About five years ago, Maersk was the first to start what Paris based maritime consultants Alphaliner said last week has now become a “race for ultra-large containerships.” The Maersk E-Class vessels- each with a capacity of 15,550 TEU- were just the beginning for the Danish giant: it later introduced the EEE Class, ordering twenty of these 18,000 TEU behemoths for delivery between 2013 and 2015. Some analysts are viewing these moves- and those of several other ship owners who seem to be on a mega-ship ordering or capacity enhancement spree- with some concern, as overcapacity is one of the biggest problems looming large over the industry today. Recent dread about a global double dip recession will only add to their fears.

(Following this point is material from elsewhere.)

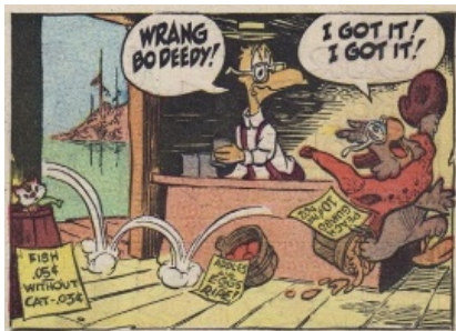
From "Pogo" by Walt Kelly
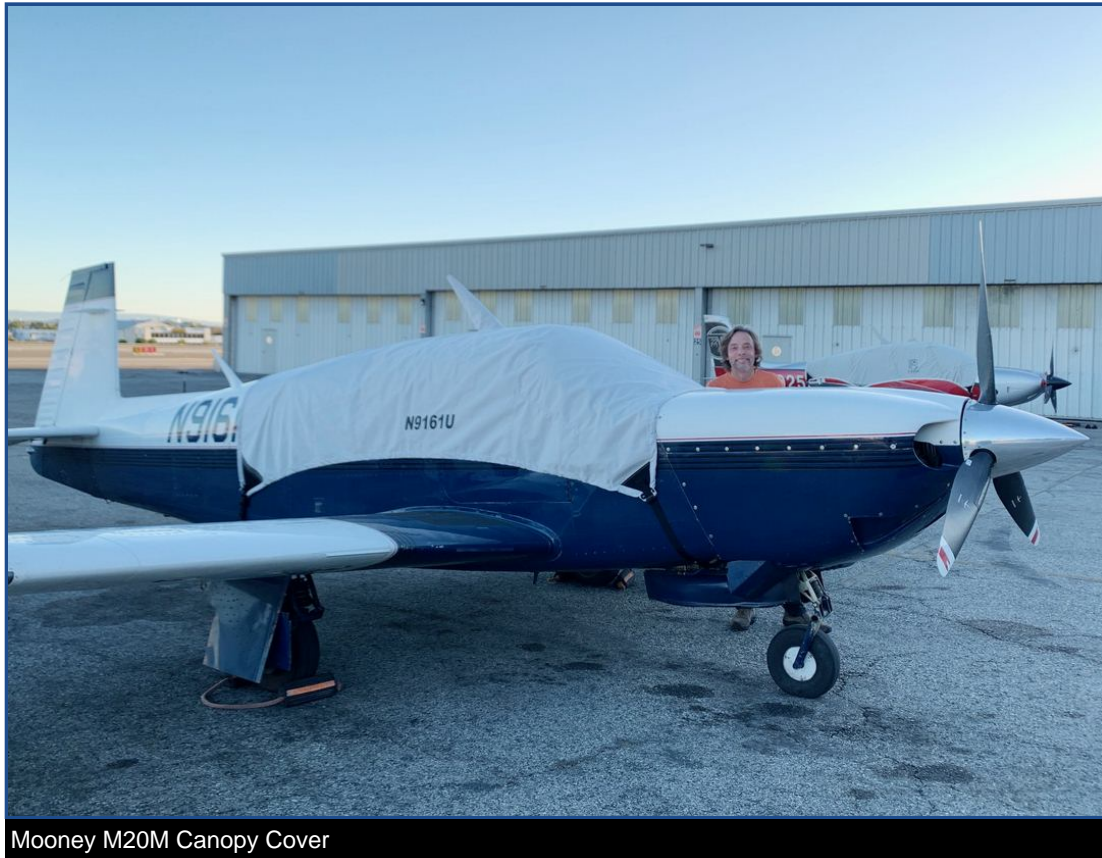
Mooney M20M Canopy Cover

Interestingly, Maersk Group CEO Nils Andersen says that shipping lines have been engaged in “reckless ordering” and are putting their businesses at risk by joining the race.
Owners are clearly planning to take advantage of economies of scale, but they are not stopping at just ordering new giant box ships. Maersk recently commenced a 'capacity boost' plan that will increase the carrying capacity of each of its ten existing S Class container ships by approximately 15 percent, from 8,200-8,600 TEU to about 9,600 TEU each. The accommodation on each of these vessels will be raised to allow an extra two tiers of containers to be loaded. This will not increase tonnage, though it will allow Maersk to increase capacity for empty or light containers considerably.
Many other ship owners have upgraded the size of container ships that have been ordered recently. Hapag-Lloyd’s upgrade of six 8,750 TEU units to 13,100 TEU each is a case in point. CMA CGM’s boosting the capacity of three 13,830 TEU ships to 16,000 TEU each, NOL’s renegotiations of ten 8,400 TEU ships on order to 9,200 TEU each and NYK’s upgrade of two 6,350 TEU vessels to 8,000 TEU each are some of the others.